Google To Become Mobile Handset Power With $12.5B Deal For Motorola Mobility
We can only imagine the look on Time Warner Cable CEO Glenn Britt‘s face when he learned that Google agreed to pay $12.5B for Motorola Mobility. But I doubt it was a smile. The Google news didn’t simply bury TWC’s announcement today that it will pay $3B to buy Insight Communications, which includes 750,000 cable customers many of whom live in rural areas in Kentucky, Indiana, and Ohio. Executives at the highest levels of the business say that Britt reaffirmed his commitment to cable just as Google raised new questions about the prospects for pay TV. The Web giant is about to become a major force in the industry: Motorola Mobility and Cisco are pretty much a duopoly as suppliers of cable set top boxes and the software that operators use to serve them. And Google very much wants to mix Web video with traditional cable channels — a thought that petrifies many operators and programmers. The company is trying to blend the distribution channels in its Google TV service, which has mostly left consumers cold. But that could change. Credit Suisse analyst Spencer Wang says that Google has “a significant opportunity” to capitalize “not only (on) its Google TV platform, but also its ownership of YouTube.” No wonder Matthew Polka of the American Cable Association, a trade group that mostly serves small pay TV companies, says his members “will want assurances from Google that it is both committed to the cable business model and won’t use its market power to run roughshod over smaller cable operators.”
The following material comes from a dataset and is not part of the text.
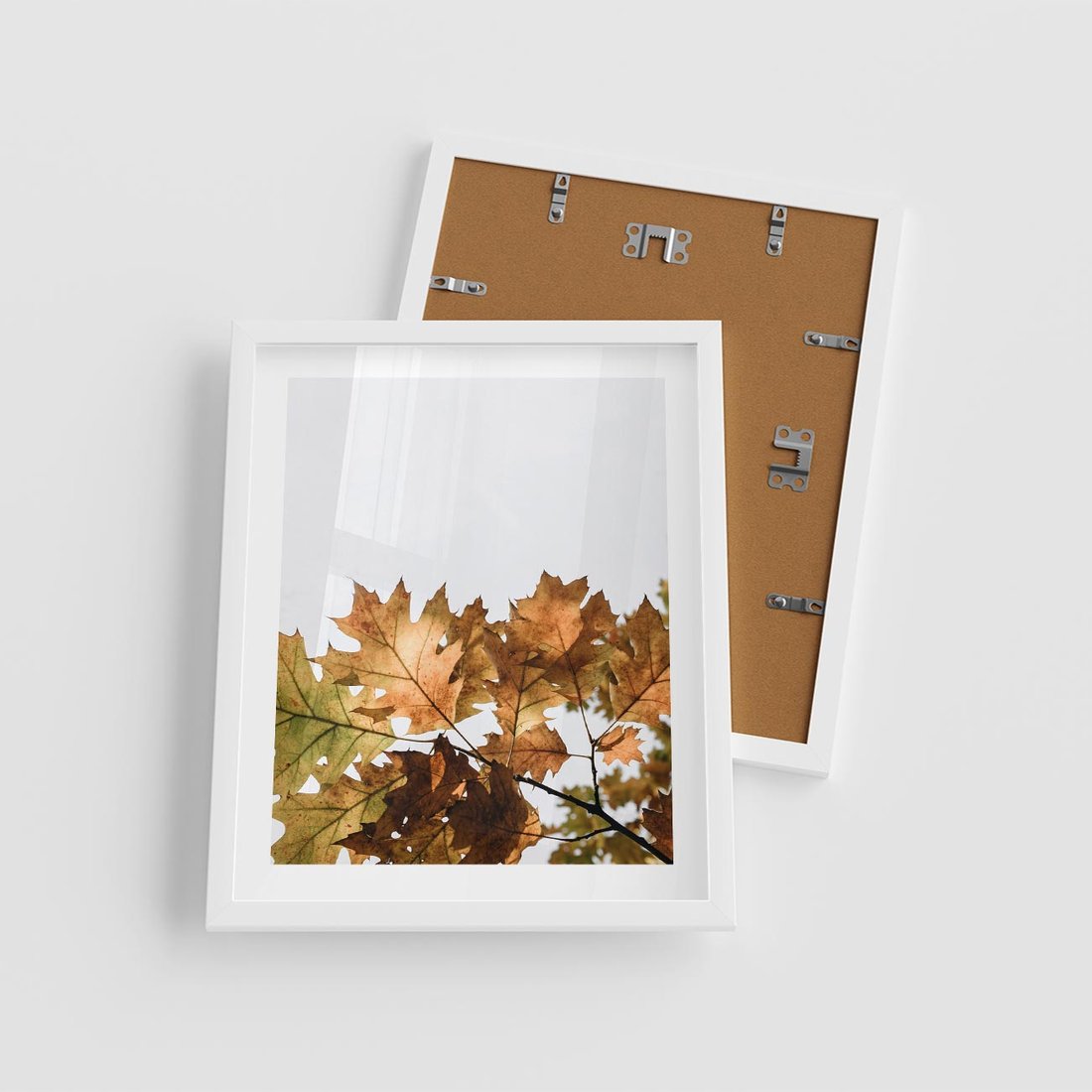 Plakat w ramie 40x50 - Suche Żółte Liście w Malowniczym Ujęciu - liście, żółte - rama biała

Britt also has to wonder how powerful Google will become in the mobile broadband business. If the company can make Android-powered phones and tablets as popular as Apple’s iPhones and iPads, then that could affect cable’s TV Everywhere plans — enabling subscribers to watch TV shows via broadband on computers, smartphones, and tablets. Google could also become a more potent opponent if companies such as TWC want to raise the price of their broadband services. TWC has invested in spectrum with the hope of becoming a major provider of wireless broadband. “If we find the magic (marketing) formula, we’ll go from there,” Britt told analysts a few weeks ago. “If we don’t, then we’ll take some other action.” Only now Britt will have less cash to work with, and will have to think a little harder about what Google might do.